About 170 garment workers fainted at a factory in Kampong Speu yesterday, the first day Anful Garments Manufacturing reopened after being hit by a mass fainting incident on Monday, workers and government officials said yesterday.

The second mass fainting at the Hong Kong-owned factory, which supplies global retailer H&M, follows the release of a report commissioned by the Swedish retailer that claimed the cause of fainting at another factory that supplies it was “a case of mass pychogenic illness”, or “mass hysteria”.

Han Porn Kun, a doctor with the department of labor and a member of the ministry’s committee on research and prevention of fainting of workers, however, blamed yesterday’s fainting on the factory’s management. It had failed to improve the ventilation system and did not rearrange the production chain according to recommendations made by the committee following Monday’s mass fainting, he told the Post.

Opposition MP Mu Sochua, who visited the factory on Monday, also warned yesterday that global brands that produce garments in Cambodia should be very careful of “peddling this propaganda” about mass hysteria. “Cambodia may be a place where they can abuse workers, but at some point this is going to backfire and hit their customers,” she explained.

“If I were the buyers like H&M, Nike, Gap, I’d bring in a real expert to ensure their names are not tainted globally,” she said, dismissing the two-day investigation commissioned by H&M. It said that workers were being forced to work overtime in violation of labour law and at the same time that the faintings were caused by mass hysteria, she said. Anful employee Sim Ra said workers were complaining of numbness in their hands and knees before they started fainting. “My head started aching, I suddenly felt tired, and then I began vomiting,” she said.
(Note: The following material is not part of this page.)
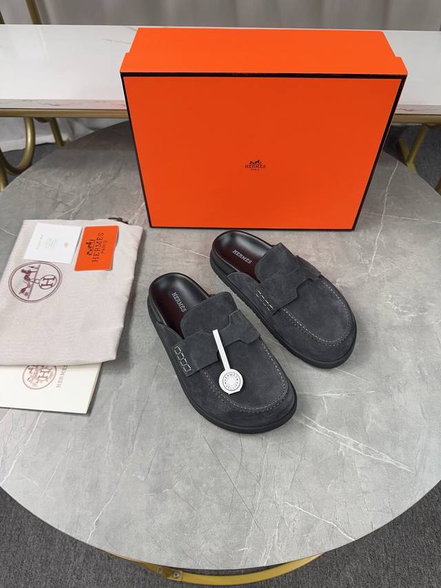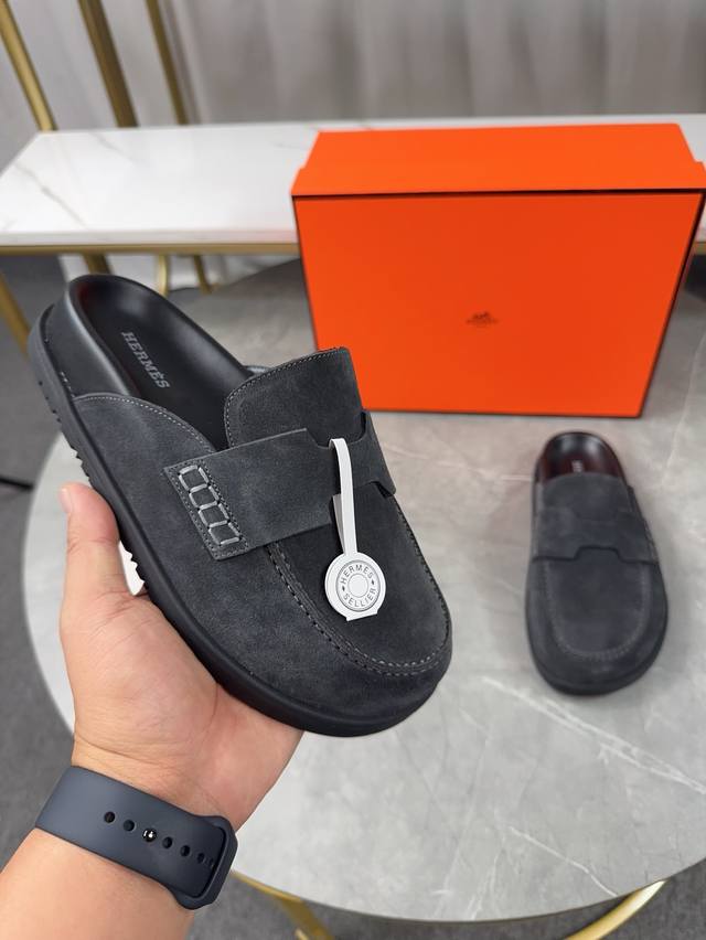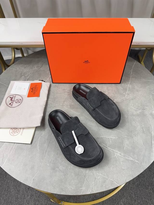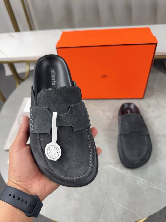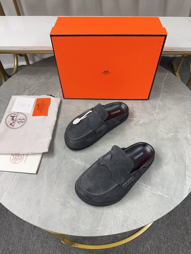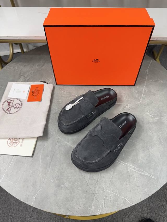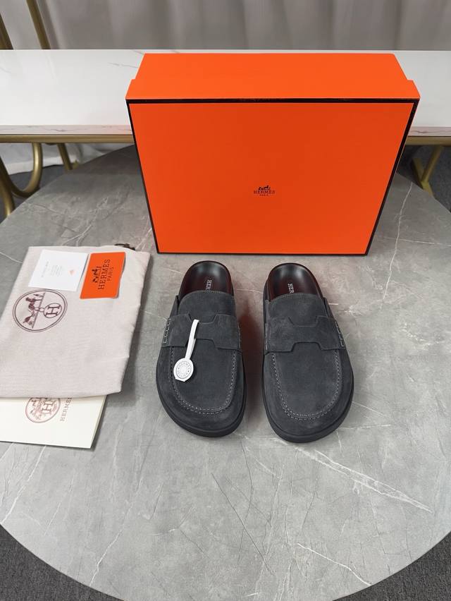 Men's size plus 10. Hermes Birkenstock Mules. A must-have for spring and summer, these versatile slippers offer a casual yet sophisticated feel, excellent comfort, and a playful oversized design. The slip-on design is convenient and practical. Upper: Original high-gloss calfskin. Lining: Water-dyed sheepskin. Outsole: Original TPU platform + rubber sole. Sizes: Women's 35-40, 40-41, -42 (no returns/exchanges); Men's 38-45, 45 (no returns/exchanges).

Han Porn Kun said the fainting on Monday was caused by the spraying of insecticides on fabrics and said yesterday’s fainting was a result of its failure to clean its environment as it had been ordered to do.
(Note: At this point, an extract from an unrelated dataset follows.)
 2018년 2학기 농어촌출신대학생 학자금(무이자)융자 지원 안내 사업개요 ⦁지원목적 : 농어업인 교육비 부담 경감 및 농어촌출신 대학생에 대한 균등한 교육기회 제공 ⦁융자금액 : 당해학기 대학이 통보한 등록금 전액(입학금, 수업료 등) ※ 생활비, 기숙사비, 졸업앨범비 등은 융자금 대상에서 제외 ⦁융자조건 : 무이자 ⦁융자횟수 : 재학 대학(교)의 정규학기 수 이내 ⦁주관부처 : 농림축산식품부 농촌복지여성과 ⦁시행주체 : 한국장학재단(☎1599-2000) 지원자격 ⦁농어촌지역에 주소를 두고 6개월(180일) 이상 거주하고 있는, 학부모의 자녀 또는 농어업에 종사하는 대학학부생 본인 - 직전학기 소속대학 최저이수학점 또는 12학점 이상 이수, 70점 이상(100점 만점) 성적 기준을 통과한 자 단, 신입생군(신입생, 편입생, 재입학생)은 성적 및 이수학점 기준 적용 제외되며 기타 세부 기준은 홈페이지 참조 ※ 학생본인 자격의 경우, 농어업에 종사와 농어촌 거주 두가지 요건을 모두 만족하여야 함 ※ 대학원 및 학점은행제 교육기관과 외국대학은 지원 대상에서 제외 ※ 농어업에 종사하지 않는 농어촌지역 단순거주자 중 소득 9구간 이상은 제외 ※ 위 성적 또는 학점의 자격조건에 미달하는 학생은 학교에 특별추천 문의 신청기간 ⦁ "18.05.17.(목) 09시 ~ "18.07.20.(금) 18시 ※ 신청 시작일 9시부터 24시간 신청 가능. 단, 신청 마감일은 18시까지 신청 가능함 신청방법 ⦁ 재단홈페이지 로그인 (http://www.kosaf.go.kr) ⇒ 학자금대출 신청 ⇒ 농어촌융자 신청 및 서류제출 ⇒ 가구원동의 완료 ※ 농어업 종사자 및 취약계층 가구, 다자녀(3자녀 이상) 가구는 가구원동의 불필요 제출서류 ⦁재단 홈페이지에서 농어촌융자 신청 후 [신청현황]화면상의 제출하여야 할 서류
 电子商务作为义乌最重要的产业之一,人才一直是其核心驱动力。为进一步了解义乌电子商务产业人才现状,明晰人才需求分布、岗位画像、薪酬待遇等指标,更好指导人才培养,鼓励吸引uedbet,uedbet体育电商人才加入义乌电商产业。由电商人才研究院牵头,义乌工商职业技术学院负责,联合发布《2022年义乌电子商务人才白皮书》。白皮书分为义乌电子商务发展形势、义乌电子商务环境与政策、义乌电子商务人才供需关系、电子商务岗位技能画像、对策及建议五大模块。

However, Ou Ta, an administrative officer at Anful, said the factory had cleaned its workspaces and blamed the fainting on hysteria.

Han Porn Kun said the factory would be shut until Tuesday so that it could make the improvements to its workplace it was instructed to do.

Mu Sochua said the solution was better wages and improved working environments. “This is not something that is going to go away,” she said.

H&M has yet to respond to questions about the investigation into mass faintings at M&V Manufacturing International in August. Both factories are monitored by the International Labour Organisation’s Better Factories Cambodia program, which is conducting a probe into the faintings that have shut numerous garment factories.

Mu Sochua said inflation was increasing faster than wages and that workers were as a result “unable to put enough calories into their bodies to do their work”.